→ **WHAT IS NEEDED**: In your copy, each record should read exactly as it does below, and no pictures should be present.

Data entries

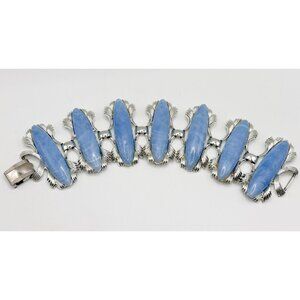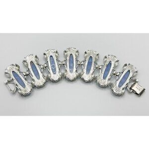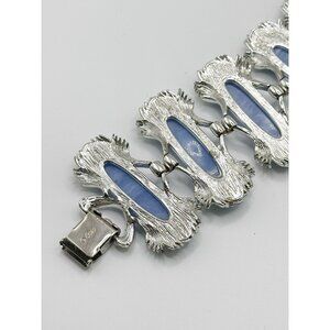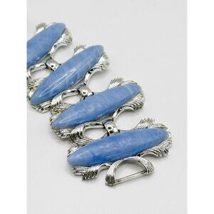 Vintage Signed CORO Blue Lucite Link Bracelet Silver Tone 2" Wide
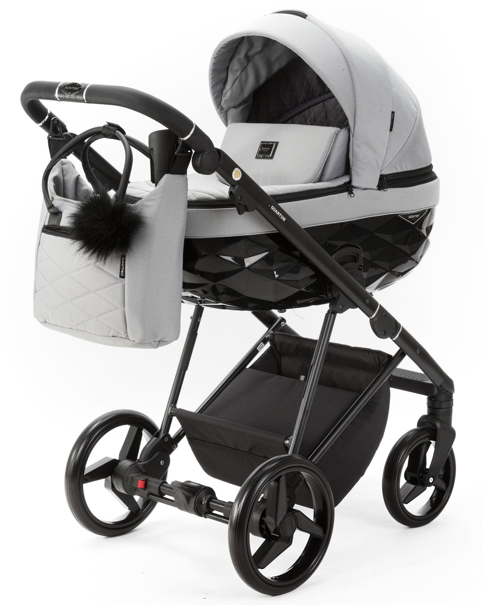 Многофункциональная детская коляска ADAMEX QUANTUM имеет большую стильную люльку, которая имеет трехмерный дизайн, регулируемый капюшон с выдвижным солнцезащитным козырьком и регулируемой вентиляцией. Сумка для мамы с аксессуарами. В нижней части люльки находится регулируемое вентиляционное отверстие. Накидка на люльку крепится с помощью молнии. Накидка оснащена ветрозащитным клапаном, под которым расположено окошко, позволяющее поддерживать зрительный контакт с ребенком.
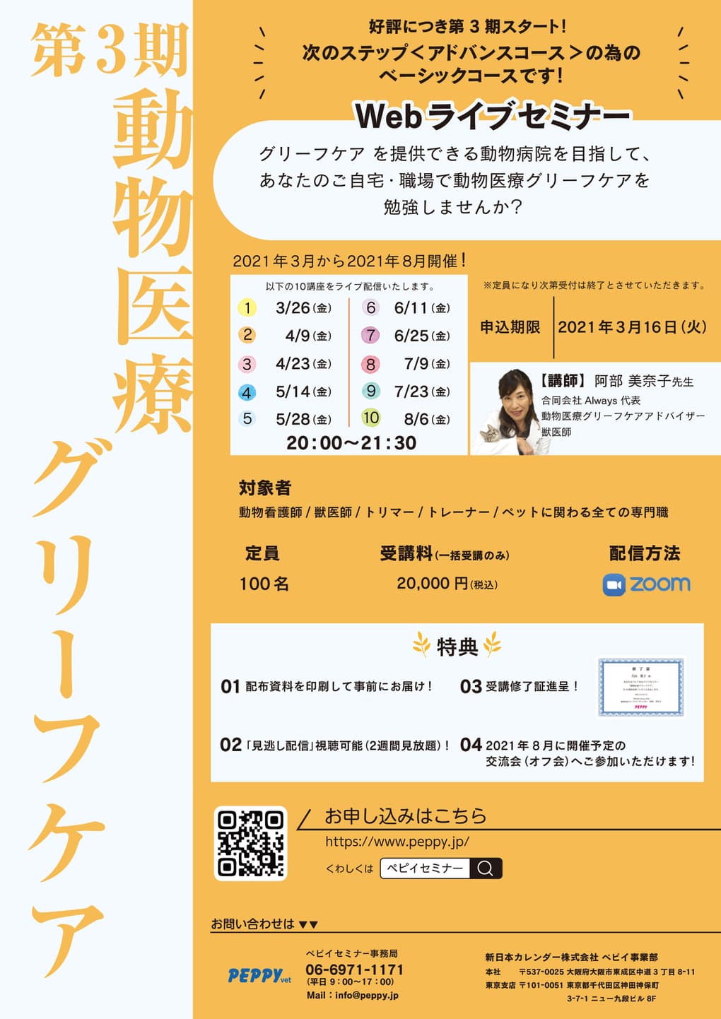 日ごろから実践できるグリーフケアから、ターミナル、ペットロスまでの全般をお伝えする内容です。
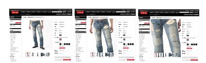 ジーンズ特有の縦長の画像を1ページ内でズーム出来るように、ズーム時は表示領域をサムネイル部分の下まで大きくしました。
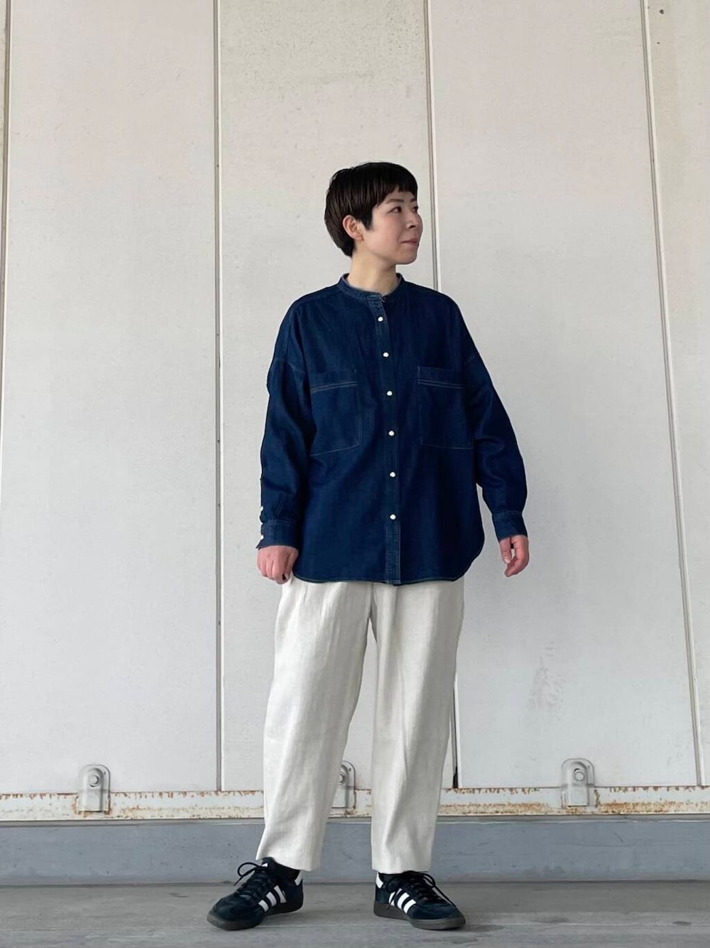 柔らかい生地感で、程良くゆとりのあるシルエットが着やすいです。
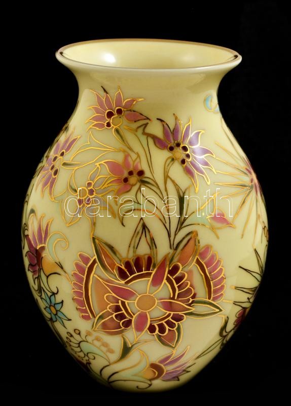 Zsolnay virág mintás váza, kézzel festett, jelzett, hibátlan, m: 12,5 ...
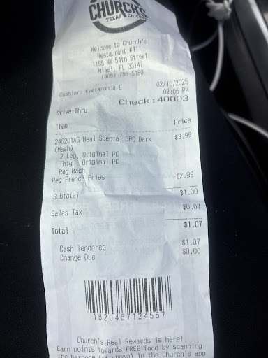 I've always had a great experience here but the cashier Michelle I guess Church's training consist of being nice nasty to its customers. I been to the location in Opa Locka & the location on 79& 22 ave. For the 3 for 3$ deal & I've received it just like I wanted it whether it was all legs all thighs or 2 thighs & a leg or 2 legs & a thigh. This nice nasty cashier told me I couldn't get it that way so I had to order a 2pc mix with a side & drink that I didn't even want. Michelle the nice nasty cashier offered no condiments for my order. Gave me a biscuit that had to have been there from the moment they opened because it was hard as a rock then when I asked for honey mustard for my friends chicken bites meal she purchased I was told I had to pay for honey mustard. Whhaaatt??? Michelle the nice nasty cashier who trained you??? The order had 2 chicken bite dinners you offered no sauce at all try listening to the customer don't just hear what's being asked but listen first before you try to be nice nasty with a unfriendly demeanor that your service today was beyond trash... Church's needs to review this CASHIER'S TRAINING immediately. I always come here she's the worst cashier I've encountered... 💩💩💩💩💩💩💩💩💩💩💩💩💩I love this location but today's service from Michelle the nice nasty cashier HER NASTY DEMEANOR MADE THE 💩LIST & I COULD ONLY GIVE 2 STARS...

→ **EXERCISE RESPONSE**:
 Vintage Signed CORO Blue Lucite Link Bracelet Silver Tone 2" Wide
 Многофункциональная детская коляска ADAMEX QUANTUM имеет большую стильную люльку, которая имеет трехмерный дизайн, регулируемый капюшон с выдвижным солнцезащитным козырьком и регулируемой вентиляцией. Сумка для мамы с аксессуарами. В нижней части люльки находится регулируемое вентиляционное отверстие. Накидка на люльку крепится с помощью молнии. Накидка оснащена ветрозащитным клапаном, под которым расположено окошко, позволяющее поддерживать зрительный контакт с ребенком.
 日ごろから実践できるグリーフケアから、ターミナル、ペットロスまでの全般をお伝えする内容です。
 ジーンズ特有の縦長の画像を1ページ内でズーム出来るように、ズーム時は表示領域をサムネイル部分の下まで大きくしました。
 柔らかい生地感で、程良くゆとりのあるシルエットが着やすいです。
 Zsolnay virág mintás váza, kézzel festett, jelzett, hibátlan, m: 12,5 ...
 I've always had a great experience here but the cashier Michelle I guess Church's training consist of being nice nasty to its customers. I been to the location in Opa Locka & the location on 79& 22 ave. For the 3 for 3$ deal & I've received it just like I wanted it whether it was all legs all thighs or 2 thighs & a leg or 2 legs & a thigh. This nice nasty cashier told me I couldn't get it that way so I had to order a 2pc mix with a side & drink that I didn't even want. Michelle the nice nasty cashier offered no condiments for my order. Gave me a biscuit that had to have been there from the moment they opened because it was hard as a rock then when I asked for honey mustard for my friends chicken bites meal she purchased I was told I had to pay for honey mustard. Whhaaatt??? Michelle the nice nasty cashier who trained you??? The order had 2 chicken bite dinners you offered no sauce at all try listening to the customer don't just hear what's being asked but listen first before you try to be nice nasty with a unfriendly demeanor that your service today was beyond trash... Church's needs to review this CASHIER'S TRAINING immediately. I always come here she's the worst cashier I've encountered... 💩💩💩💩💩💩💩💩💩💩💩💩💩I love this location but today's service from Michelle the nice nasty cashier HER NASTY DEMEANOR MADE THE 💩LIST & I COULD ONLY GIVE 2 STARS...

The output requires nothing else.